# Flathead CPR



## katfish (Apr 7, 2004)

This movie rated CM for all catmen with the desire.


----------



## Shortdrift (Apr 5, 2004)

Great video Robby. Nothing like watching those big cats cruise back into the deeper water. Hope to be able to make it out with you in 2008.


----------



## catfish_hunter (May 31, 2005)

Another great video Robby...Id like to have some CPR stickers like that...


----------



## Fish-N-Fool (Apr 12, 2004)

Robbie - opened up my Dec Fur-Fish-Game and the first thing I see is.....

YOU!:B 

Congrats on getting your photo and short story in! Way to show those southern boys that there are some huge cats caught up here too!


----------



## catfish_hunter (May 31, 2005)

Ill have to check that out...


----------



## katfish (Apr 7, 2004)

This is my nomination for the prettiest flathead I have seen lately.
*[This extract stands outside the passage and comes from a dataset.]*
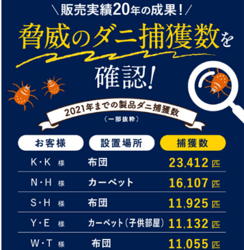 有料ですがダニ捕獲数の測定サービスがあります。定期コースの特典を使えば無料です。

I did some work on the photo to emphasize the important but that fish was truly beautiful.


----------



## JUSTCRAZY (Apr 6, 2004)

I love that fish! I still remember being here at the house painting and painting, while I got call after call with you an Mike putting the smack down on those fish.
That dang thing is just uniquie and good looking!

Rob


----------